TRY IT: From the first line of the listing to the last, set down everything exactly, but skip the images.

DATA SEGMENT:
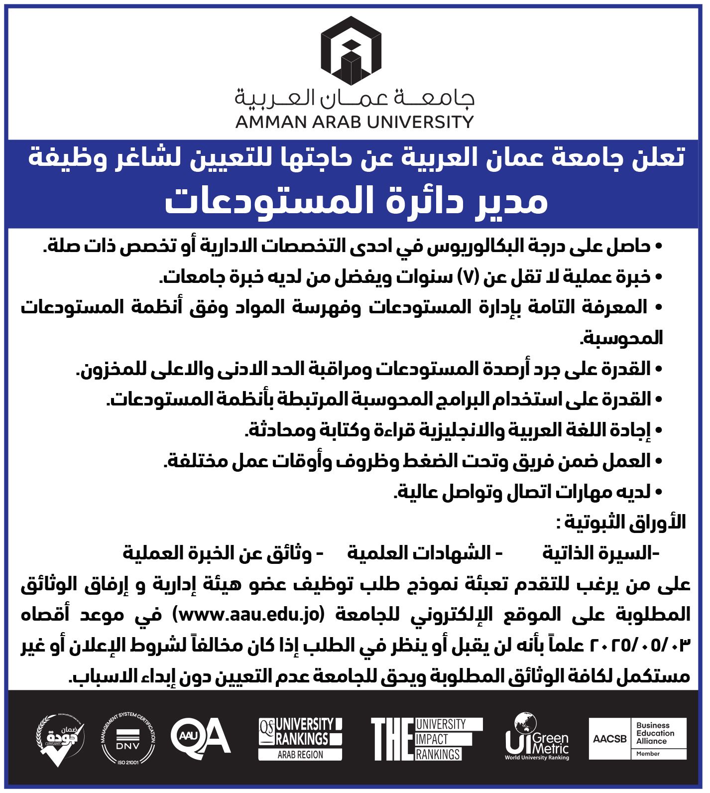 تعلن جامعة عمان العربية عن حاجتها للتعيين شاغر وظيفة "مدير دائرة المستودعات"
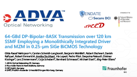 64-GBd DP-Bipolar-8ASK Transmission over 120 km SSMF Employing a Monolithically Integrated Driver and MZM in 0.25-μm SiGe BiCMOS Technology
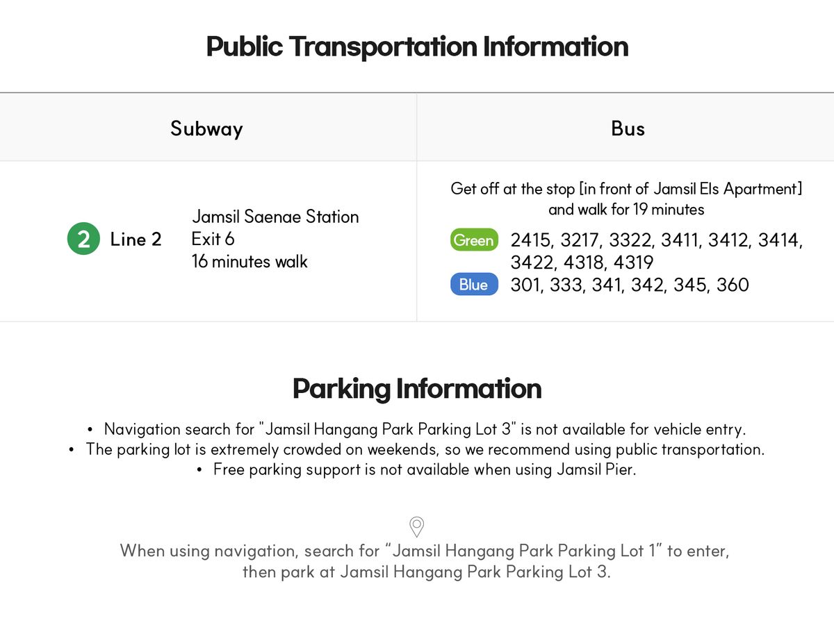 - 運航コース : 蚕室 ー 盤浦大橋 ー 蚕室コース

ANSWER AREA:
 تعلن جامعة عمان العربية عن حاجتها للتعيين شاغر وظيفة "مدير دائرة المستودعات"
 64-GBd DP-Bipolar-8ASK Transmission over 120 km SSMF Employing a Monolithically Integrated Driver and MZM in 0.25-μm SiGe BiCMOS Technology
 - 運航コース : 蚕室 ー 盤浦大橋 ー 蚕室コース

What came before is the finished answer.